I’ve talked about “owning scenes” via shot selection in my recent posts about A Dangerous Method and Tuesday, After Christmas. I think it would be obvious here: it’s not Helen’s scene. She never gets a close-up and we don’t start on her. We can make a case against this though – she is the one “revealed.” The second image above shows that – we don’t see her at first (shot 1) and then we do (shot 2). This idea of someone holding power (that is, suspense), gives them control over the scene. Secondly, the fact that we watch her leave, not quite from his perspective, instead of going back to his eyes to get his reaction as she leaves gives her a bit more of a privileged position.

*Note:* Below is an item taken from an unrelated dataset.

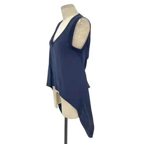 Cinq a Sept Olimpia Top in Navy Blue Sleeveless V-neckline with rib trim detailing Wide ribbed trim at neckline, sleeves and sides. Longer on sides; sides can be tied Long ruffle tie details hang down at sides Pullover 100% silk Trim: 63% viscose 37% nylon Size Small Armpit to armpit is approx 19" Length is approx 21"

But my feeling is that Schatzberg is a much less clinical director than a Cronenberg and that he wasn’t thinking as much of the psychological impact of this shot selection. Schatzberg’s films have the feel of naturalism and spontaneity, and my guess is that the lone close-up felt right.
What is worth noting here though, is the total lack of coverage that functions in a different way than the long take. These aren’t long takes for the sake of. There is plenty of cutting here (Schatzberg uses the close-up three times in the short scene). But it is a great look at the essential building blocks of a scene (pan to show the space, frame the over-the-shoulder with enough depth to imply an off-screen presence when Helen looks away, close-up to show eyes/reactions) without the overuse of shots simply for rhythm. Panic in Needle Park isn’t a film that was shot to be edited (as one can plainly see in, for example, any Scorsese film). Instead, it’s a film that is shot to be felt. The cuts in here aren’t for jolts or subtle effects. They’re to tell the story and only that. Seems like a simple concept, but it’s really not. Watch any current day scene to get a feel for how much coverage makes up two people at a table. Whether it’s your classic five shots (wide-shot, two mediums, two close-ups), or Tarantino’s camera circling the table, the angles generally change frequently to lend interpretations alongside the story.